Real-Time Fraud Decisioning: How Payment AI Makes Sub-100ms Calls
You have roughly 100 milliseconds to score a transaction and authorize or block it. Here is how production fraud decisioning systems are actually built — feature stores, model cascades, latency budgets, and the accuracy tradeoff that nobody talks about.
100ms total window. ML scoring: 10–50ms. Feature store must be sub-millisecond (Redis, Aerospike). Cascade: fast model filters 90%+ volume, accurate model scores the rest. Labeling lag: chargebacks arrive 60–120 days after the transaction.
Every payment authorization runs on a clock that most operators never think about. From the moment a customer taps, swipes, or clicks pay, the card network gives roughly 100 milliseconds for the entire authorization chain to complete — network routing, fraud scoring, acquirer processing, issuer response, and return. Your fraud model gets a slice of that 100ms. In production systems, that slice is 10 to 50 milliseconds.

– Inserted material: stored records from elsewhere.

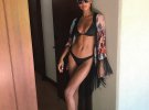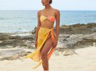 Раніше вона показала, як відпочивала на пляжі. Знаменитість постала в жовто-помаранчевому купальнику й парео. Доповнила образ коштовностями: золотим намистом і декількома браслетами.
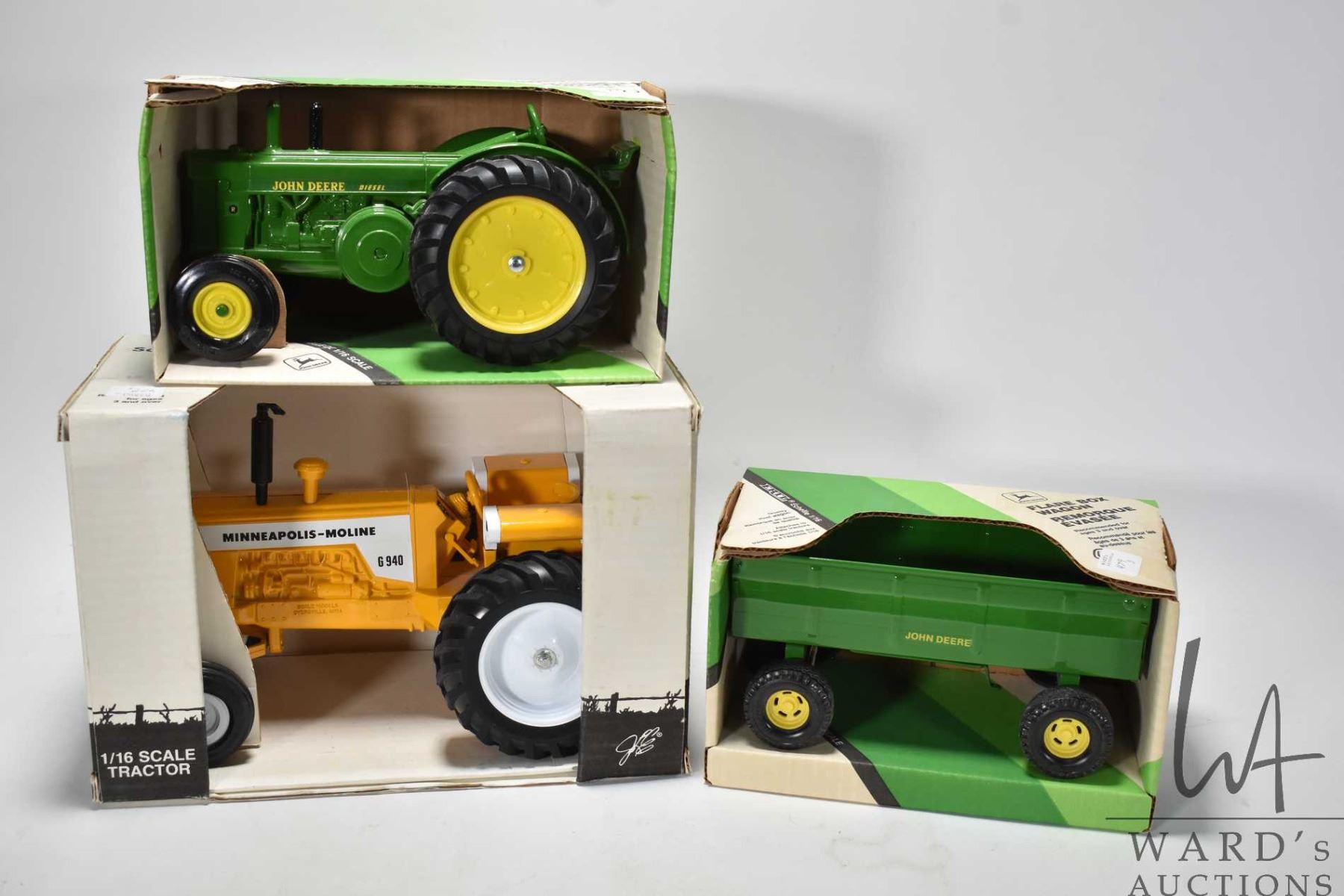 Three Ertl 1:16 scale die cast toys including John Deere model R diesel, Minneapolis Moline G940 and John Deere Flare Box Wagon
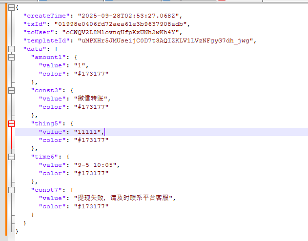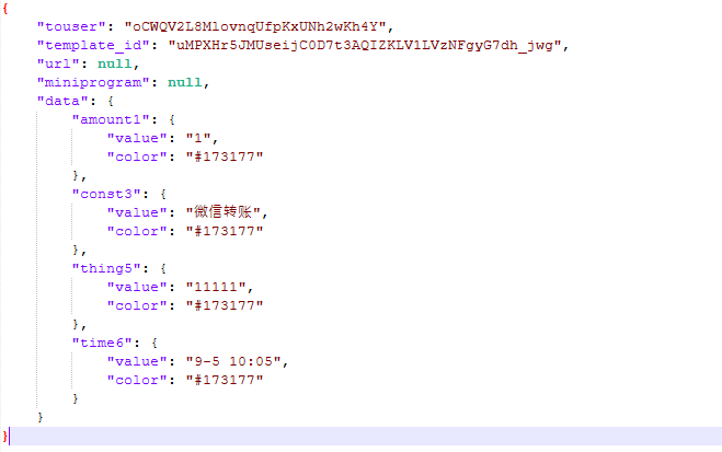 我其他消息模版都能正常用,就这个不行,不可能是token问题,入口token都是同一个地方获取,模版id也没问题,现在明确是通了,但是参数不知道为什么报错
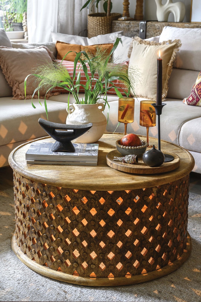Monika miała marzenie: wiejski dom. Spełniła je, na przekór stereotypom, nie opuszczając miasta. Są tu i belki sufitowe, i meble ze starego drewna, i rozległy widok na zieleń. A jasnym i lekkim wnętrzom klimatu dodają marokańskie elementy – plecionki, tkaniny, lampiony.
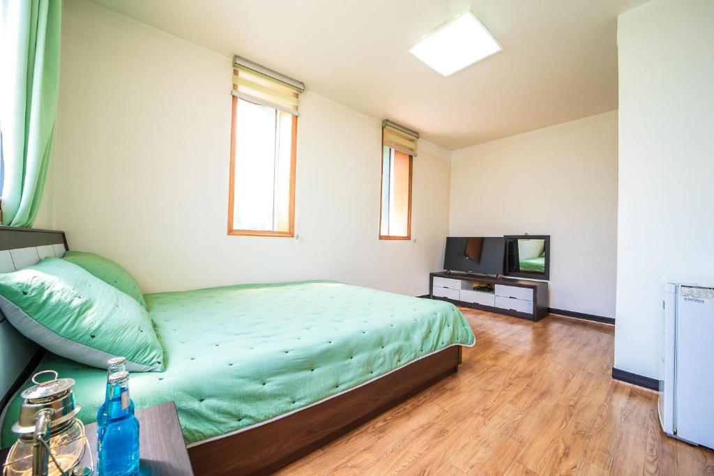 Hotel has a cafe in first floor with pretty view of river and cheery blossom. Rooms are clean, neat and cozy. The owner not speak much english but so helpfull and nice. Location is 1.6km away from Hwagae market which a bit long to walk at night.
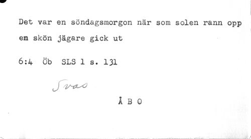 //// Det var en söndagsmorgon när som solen rann opp //// en skön jägare gick ut //// 6:4 Öb SLS 1 s. 131 //// ÅBO ////
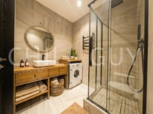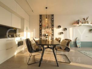 Большая гостиная с балконом и видом на город. Кухня со всей встроенной кухонной техникой, много мест для хранения. Мастер-спальня с приватным санузлом, ванной и тропическим душем. Отдельно санузел для гостей. Есть оборудованное пространство для удаленной работы из дома, а также читательский уголок.
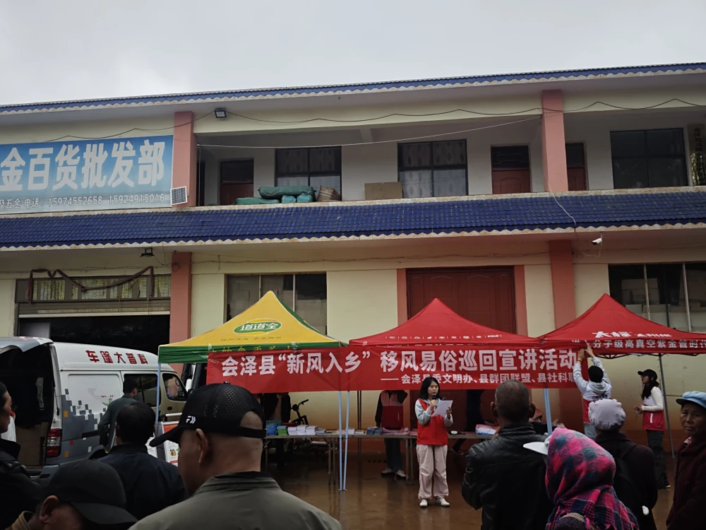 近日,由会泽县委文明办、群团联盟(县科协)、县社科联联合举办的“新风入乡”移风易俗主题巡回宣讲活动正式启动,移风易俗宣讲员和大学生志愿者到各乡(镇、街道),利用赶集日、群众会等场合广泛开展移风易俗宣传。
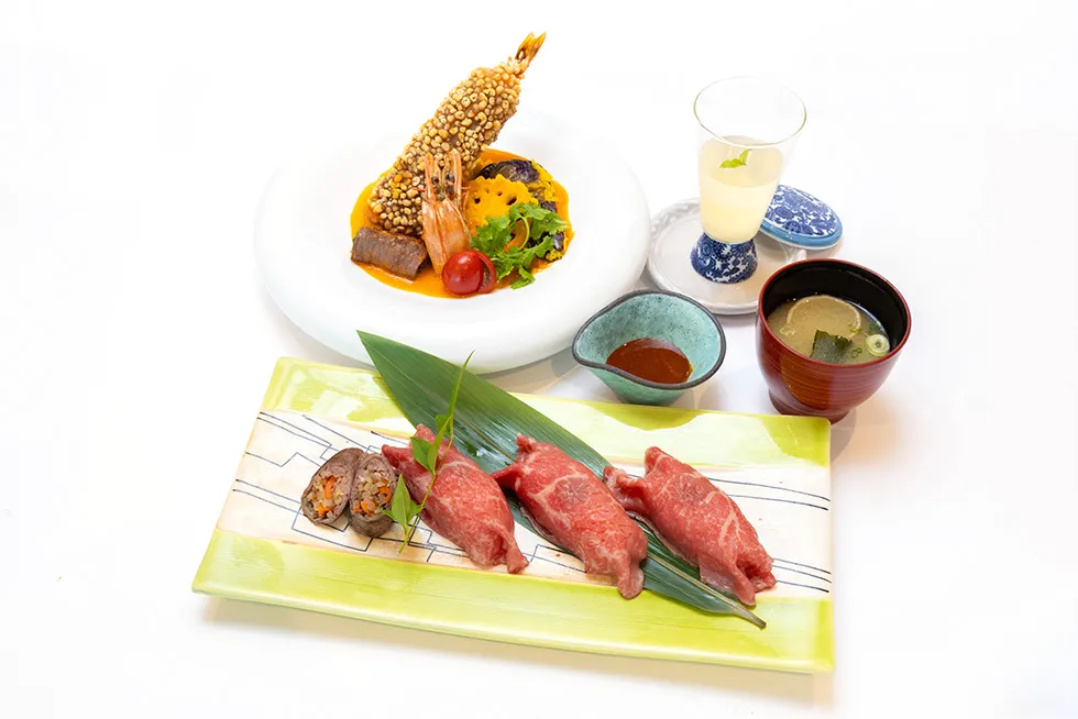 岡山牛炙り寿司と肉巻き海老の金棒揚げ敷雲丹ソース
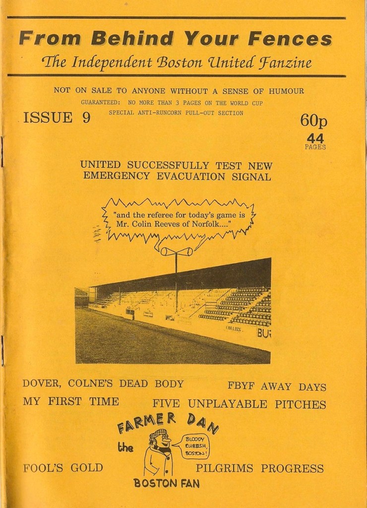 Todays #FanzineoftheDay is issue 9 of From Behind Your Fences (FBYF) coming in at the pocket busting size of 44 pages but the penny pinching price of 60p. Promising no more than 3 pages on the world cup, away day news and Farmer Dan we are back in Spetember 1990. Boston United are in the GMVC (if you know, you know) and would finish the season 18th so I’m relieved that issue 9 comes to us with early season hope still in place and way before the bad old days of Steve Evans.
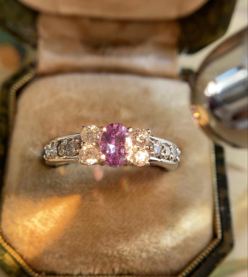 数あるアレキサンドライトの中から、色、表情、そして全体の佇まいまでを見極めて選び抜いた、これからの時間をともに過ごす持ち主のために用意されたようなリングです。
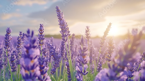 A breathtaking landscape of endless lavender rows swaying gently under the golden sunlight.
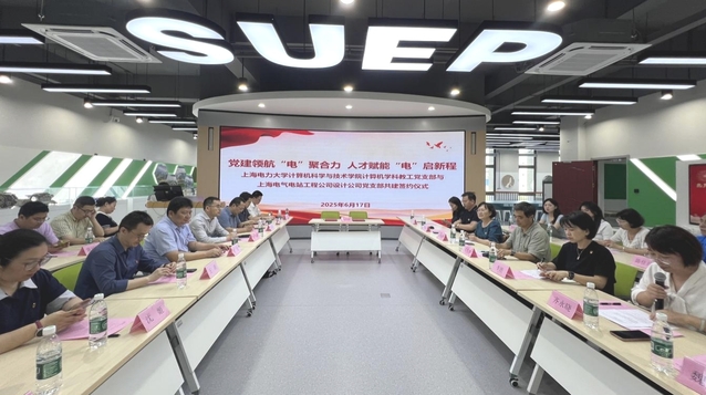 为深化党建引领,有力推动产教融合与专业改革,6月17日,计算机学院计算机学科教工党支部与上海电气电站工程公司设计公司党支部全体党员在临港校区未来能源创享中心举办主题党日暨共建签约仪式,共绘校企协同发展与人才培养蓝图。上海电气电站工程公司总经理助理、上海电气电站工程公司设计公司党支部书记、上海电气工程设计有限公司法定代表人兼执行董事曹京,上海电气电站工程公司副总工程师、上海电气电站工程公司设计公司党支部委员、上海电气工程设计有限公司副总经理、总工程师兼工会主席王斌,上海电气电站工程公司新能源事业部副总经理王涛及上海电气电站工程公司设计公司党支部在沪党员出席活动。党建督查员王国华、校党委组织部副部长李艳受邀出席指导。计算机学院党委书记魏建华,常务副院长张传林,党委副书记齐永晓,党委委员、计算机学科教工党支部书记魏为民,教学秘书徐曼及计算机学科教工党支部党员出席活动。活动由齐永晓主持。
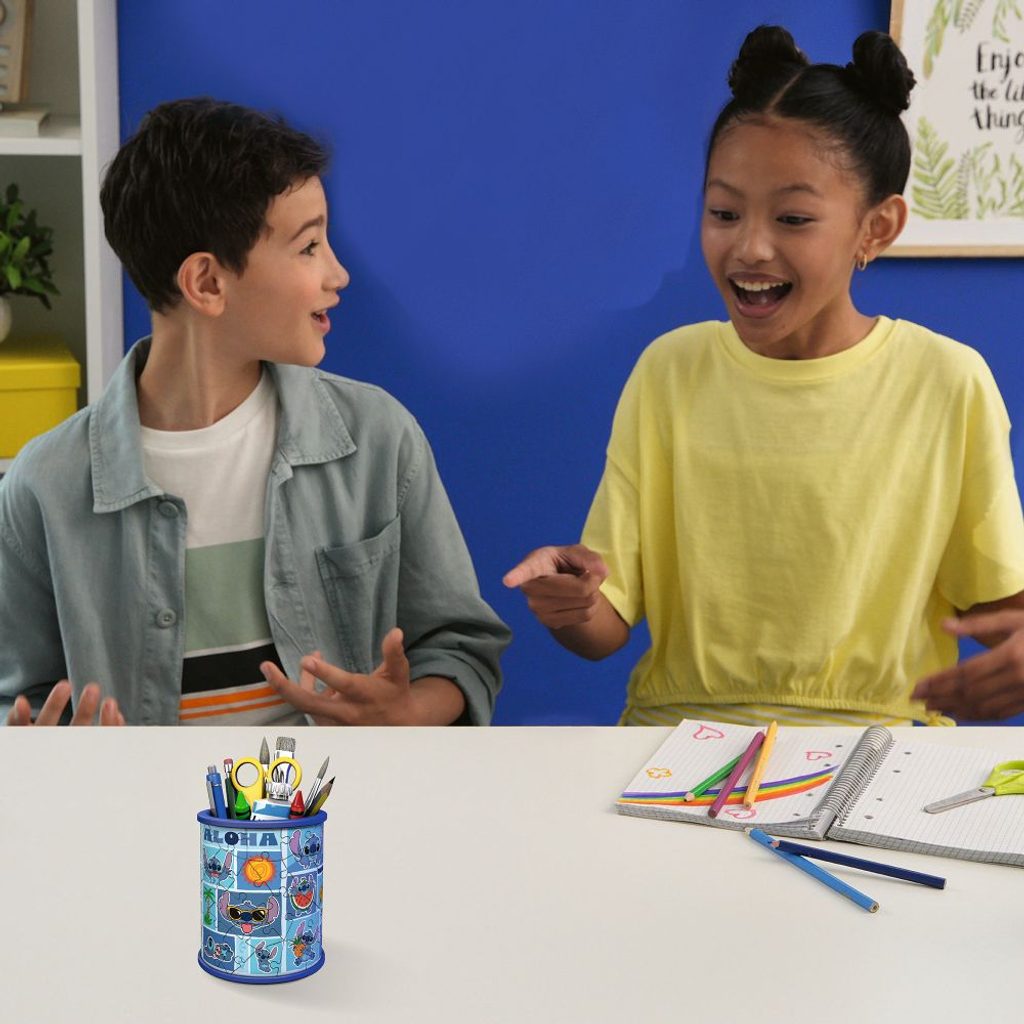 Postavte si vlastní stojan na tužky z plastových dílků puzzle. Stojan s motivem Stitch od Disney se hodí jako doplněk do každého pokoje.
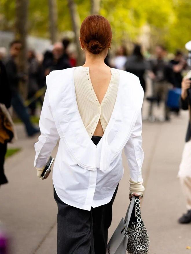 Mặt trước phẳng phiu nhường chỗ cho mặt sau là những lớp vải xếp nếp buông thõng. Mỗi khi bạn bước đi, lớp vải ấy khẽ đung đưa theo chiều gió, tạo nên một vẻ đẹp lãng mạn, phiêu bồng đến lạ thường. Và sẽ thật thiếu sót nếu không nhắc đến "phong cảnh" tuyệt đẹp phía sau lưng mà chiếc áo này mang lại. Những hàng cúc vốn quen nằm trước ngực nay chạy dọc theo sống lưng, tự thân chúng đã là một món trang sức điểm xuyết cho tấm lưng trần. Thậm chí, nhiều nhà mốt còn mạnh dạn khoét những khoảng hở tinh tế phía sau, để lộ bờ vai thon hay làn da lấp ló đầy rạo rực.
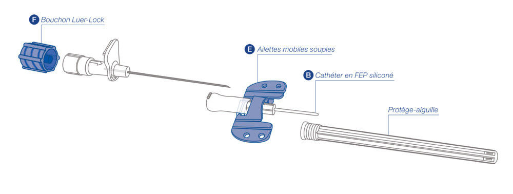 • Optimale Gleitfähigkeit dank des Silikons, mit dem die Nadel und der Katheter verkleidet sind.
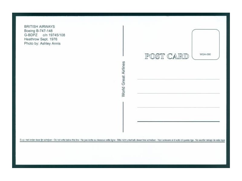 World Great Airlines WGA-1578; 148x104 mm; neu
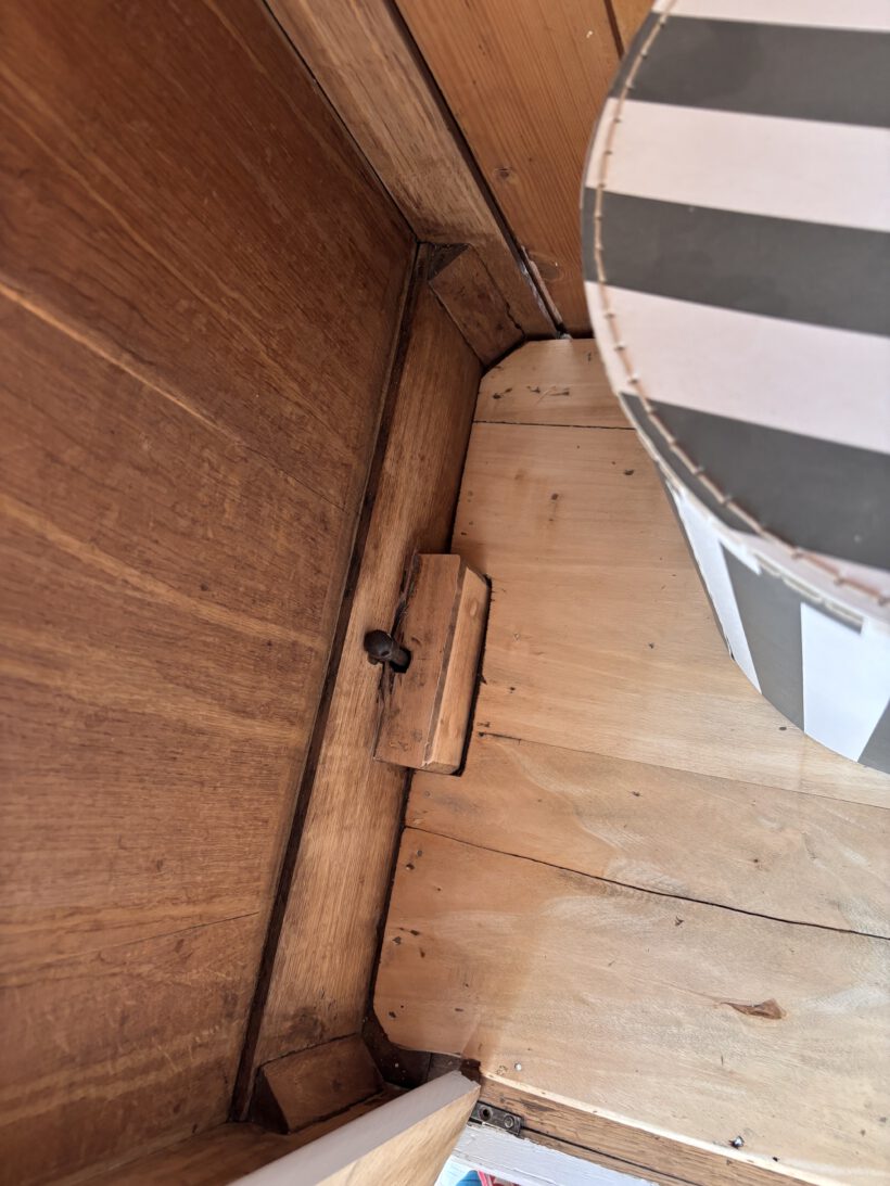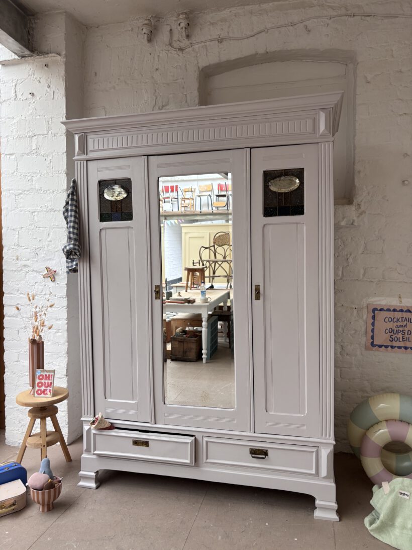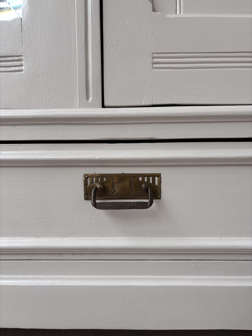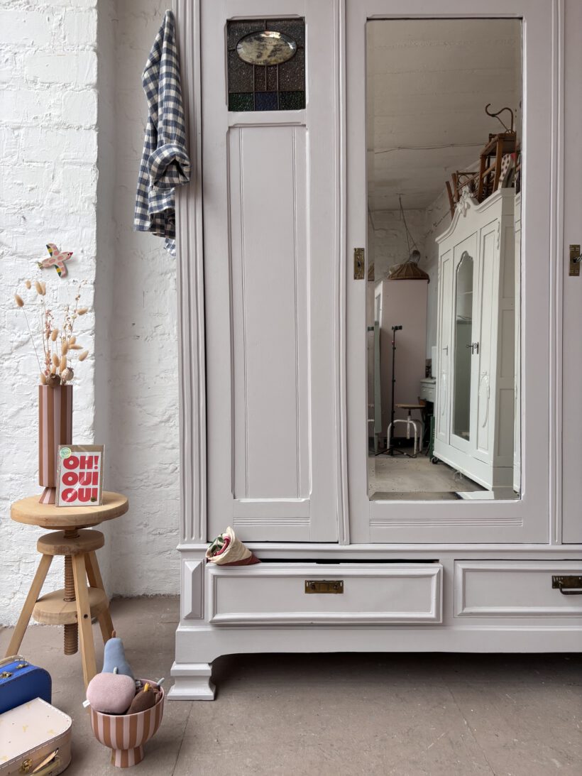 Noémi hat drei Türen, was selten bei antiken Steckschränken vorkommt. Innen haben wir ihr deshalb ein besonderes Innenleben verpasst – sie trägt recht 5 LegeFächer und links eine Kleiderstange. So ist ihr Innenraum ideal nutzbar und man kann eine Menge verstauen.
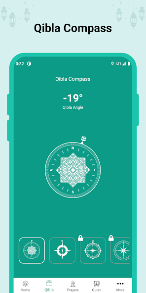 - Use the compass to know in which direction to pray

This is a different problem from building an accurate fraud model. Accuracy is a data science problem. Latency is an infrastructure and architecture problem. Production fraud decisioning requires both to be solved simultaneously, and the constraints are harder than most ML engineering contexts because the timeout is not a performance SLA — it is the card network authorization window. Miss it and the transaction either fails or routes around your fraud check.
This article covers the architecture of real-time fraud decisioning: the feature store, the cascade model design, the latency budget, and the labeling lag problem that makes evaluating production fraud ML structurally difficult. For the broader AI fraud detection landscape and vendor overview, that article covers the full stack. For what happens downstream when fraud gets through, see AI-powered chargeback representment.
The 100ms Budget
A useful way to think about the authorization window is as a fixed budget that must be allocated across several steps with hard ordering constraints.
The breakdown in a typical card-not-present authorization:
- Network transmission (customer → PSP): 10–20ms depending on geography
- Feature retrieval from the feature store: must be sub-millisecond at scale
- Fraud model inference: 10–50ms for gradient boosting; more for neural networks
- Routing and acquirer submission: 10–20ms
- Issuer authorization: 30–50ms (outside your control)
- Response transmission back to the merchant: 5–10ms
The issuer authorization step — which you don’t control — consumes 30–50ms of the budget. That leaves roughly 50ms for everything you do control: feature retrieval, fraud scoring, and routing. At scale, sub-millisecond feature retrieval is not a luxury; it is the prerequisite that makes everything else possible.
The constraint is different for different payment types. Real-time bank-to-bank payments (Pix, UPI, SEPA Instant) may have tighter windows depending on scheme rules. Card-present transactions at POS terminals have slightly more flexibility in some implementations. But for card-not-present e-commerce — the highest-fraud-risk payment context — the 100ms window is the relevant constraint for most operators.
The Feature Store: Why You Can’t Compute Features at Inference Time
A fraud model that scores a transaction on card number, amount, and merchant alone is a weak fraud model. Effective fraud scoring requires behavioral and historical context: how many transactions has this card made in the last 5 minutes? What is the historical decline rate for this BIN on this acquirer? Has this device fingerprint appeared in previous fraud cases? What is the average transaction amount for this customer, and how much does today’s transaction deviate from it?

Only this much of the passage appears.